Remember, you are not expected to know every answer to every question, but you have to
demonstrate instructional competency throughout the practical.
-There was a very strong emphasis on safety, risk management, ADM, collision avoidance and what
used to be the special emphasis areas of the Private Pilot PTS. The point the examiner was driving
home, is that as an instructor you have to be procedurally and safety "brutal" with your students. I
used the airport diagram, wrote down and read back every clearance we received- how often do you
write down your taxi clearances? I used the aircraft checklist throughout the flight- for every takeoff
and landing and every simulated emergency procedure. I don't believe there is an FAA check airman
or DPE out there that will pass you on this practical if you don't demonstrate checklist and procedure
discipline.
-There was quite a lot of ground covered on CFI professionalism and responsibilities including how to
verify English language proficiency, IACRA mis-steps and mistakes, some endorsement questions for
both student pilots and applicants with more advanced certificates and ratings- though nothing about
instrument ratings. We also spent some time on how to find the most current version of various CFRs
and ACs. I brought a laptop computer with me and used it several times to locate items on FAA.gov
that the DPE asked about. And yes, I had to use an E6B flight computer for a couple of questions too.
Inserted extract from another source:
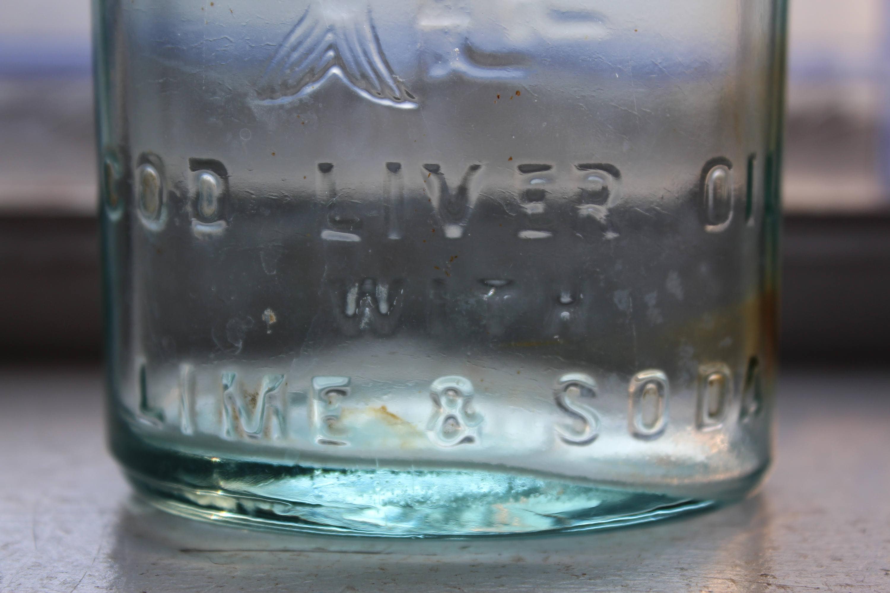 Antique Scotts Emulsion Cod Liver Oil Lime and Soda bottle, light blue, in very good condition. The bottle measures 9 1/4" high and has no chips or cracks. Enjoy!

-The DPE also emphasized performance planning and weight and balance. He had me complete a
scenario based weight and balance along with performance chart interpretation for a flight to a short
runway, hot and high airfield. This scenario included having to make the pressure altitude correction
for a given altimeter setting. (Yeah I knew how to do that, but only because I had recently prepared a
lesson plan on the topic of performance planning) Anyway, this is not something your average

weekend pilot is probably doing before takeoff. Not complaining, just pointing out the depth of
knowledge that the DPE is looking for to complete this certificate.
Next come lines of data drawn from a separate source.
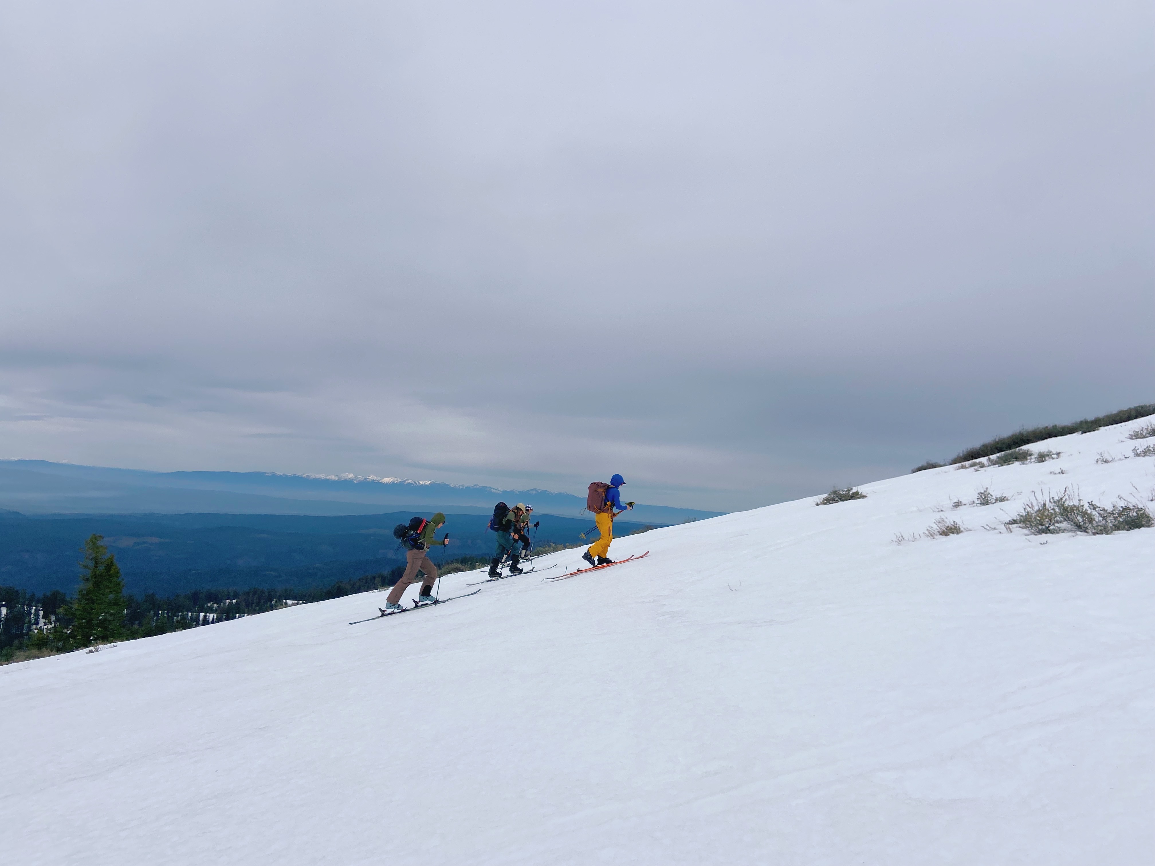 We pushed off from the ridge and swooped down along the face of the mountain. By this point the warm temperatures had turned the snow into something between corn and slush and the sun was peaking out from behind the clouds. Letting out unintelligible whoops and yells, we wove around each other in a dance and laughed as we sprayed snow behind us with each turn. Touring is absolutely a labor of love where you put in 4-5x the amount of time climbing as you do getting to ski down, and you bet we were enjoying every moment of the payoff.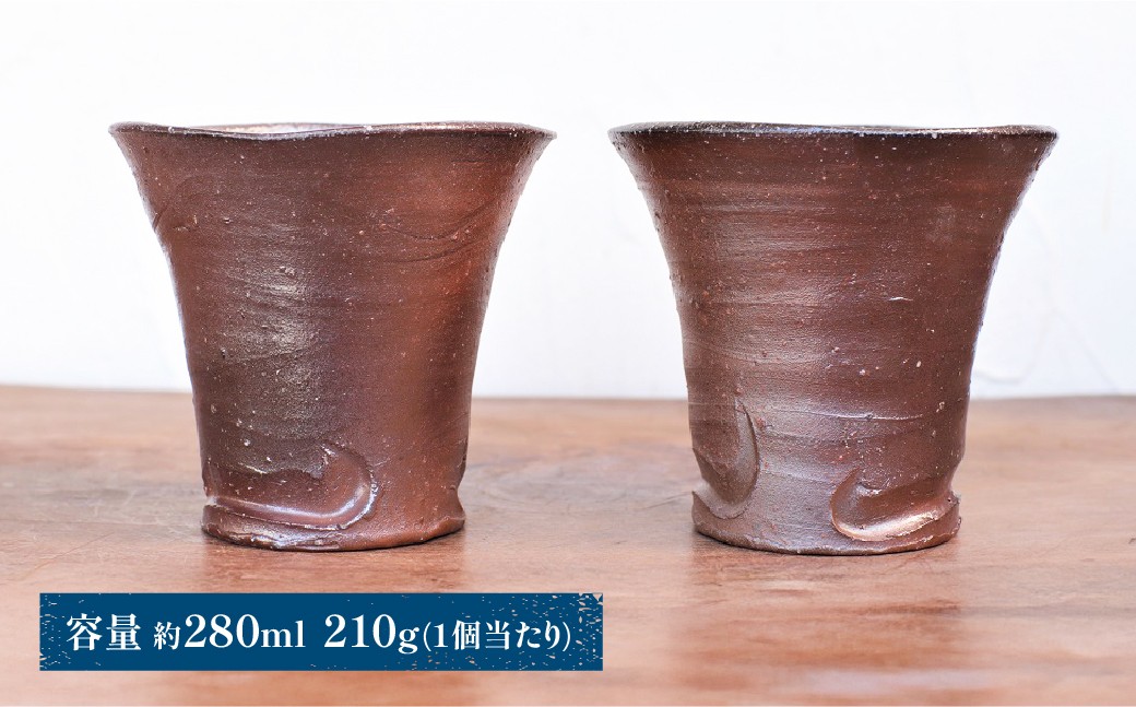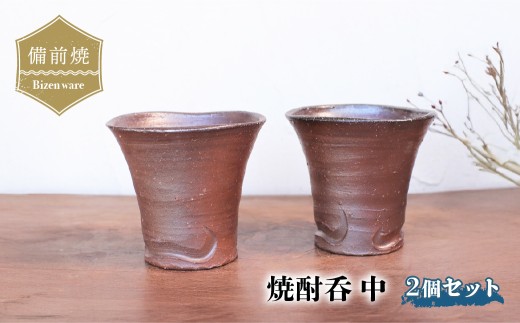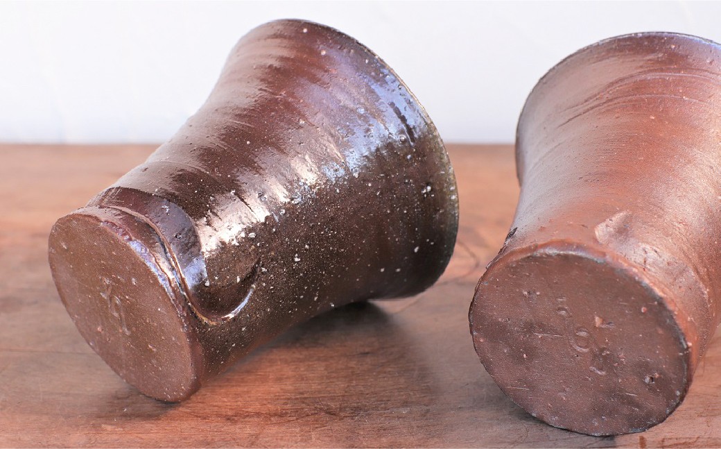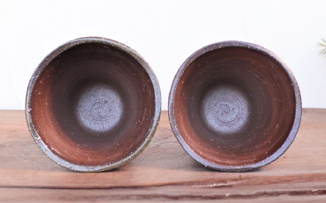 薪窯による力強い焼けが特徴。 備前焼 焼酎呑(中) 2個セット s2-035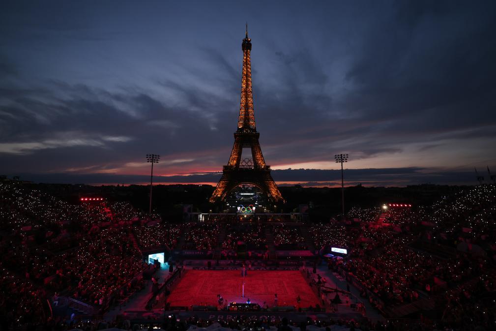 7月27日,巴黎奥运会沙滩排球比赛在埃菲尔铁塔体育场举行。雨后的巴黎,晚霞与铁塔、赛场交相辉映。新华社记者 黄宗治 摄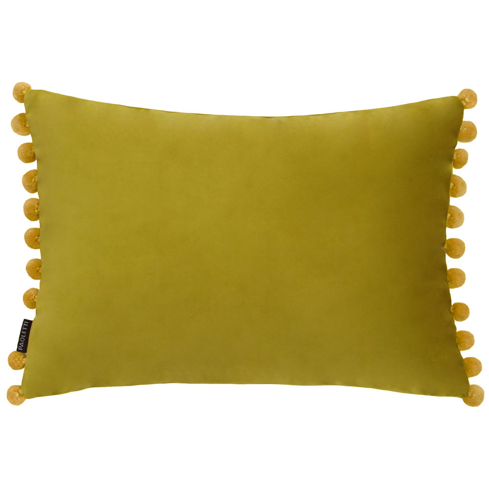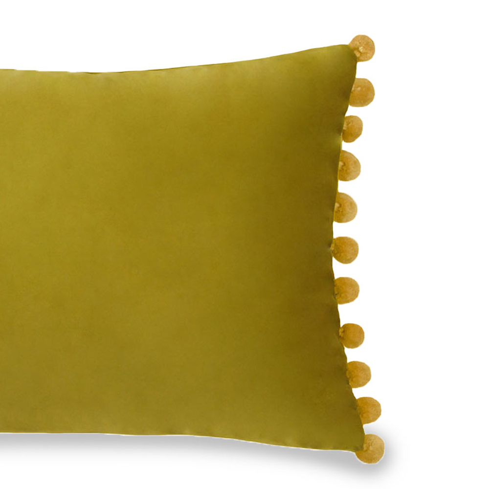 Give a touch of style and elegance to your bed or sofa with the Paoletti Fiesta Bamboo Gold Pom Pom Velvet Cushion. The Fiesta cushion, aptly named after the Spanish word for festival, is a plethora of bright colours and mixed tones. The velvet body of the cushion is an absolute delight to touch thanks to its sublimely soft texture, which catches the light from every angle. Contrasting coloured pom poms feature along the edges to further enhance the fun and tactile nature of the cushion. With a hidden zip closure, nothing takes away from this cushion's unique design. While this cushion cover is not machine washable due to its gorgeous pom poms, it is iron-appropriate.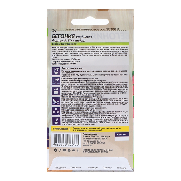 Семена цветов Бегония "Фортун Пич шейдс", клубневая, Сем. Алт, ц/п, 4 шт

-The flight portion of the practical was for me; easier than the ground part. The DPE followed the
random sampling of maneuvers as expressed in the CFI PTS- i.e. he chose one or two maneuvers from
each of the areas of operation, and had me either demonstrate them to him, or talk him through them
while he flew. We did both commercial and private ground reference and performance maneuvers, and
he had me under the hood for 5-8 minutes demonstrating and talking through some basic instrument
tasks.
-The flight portion moved quickly. I was somewhat prepared for this from doing the commercial
practical test with the same DPE, but this flight was fast and furious. He briefed me on the first three
maneuvers we were going to do while at the hold short line. (Soft Field takeoff, back around for a
forward slip to a spot landing, followed by a touch and go with departure to the North for S-Turns
across a road.) After that it was one maneuver after another. The flight portion finished with a short
field landing, again to a point designated by the examiner- I want you to put the main landing gear
down on the runway designation numbers.
-I am looking forward to logging my first hour of "dual given", but I am very sure I will spend way
more time preparing for it, than I do conducting it.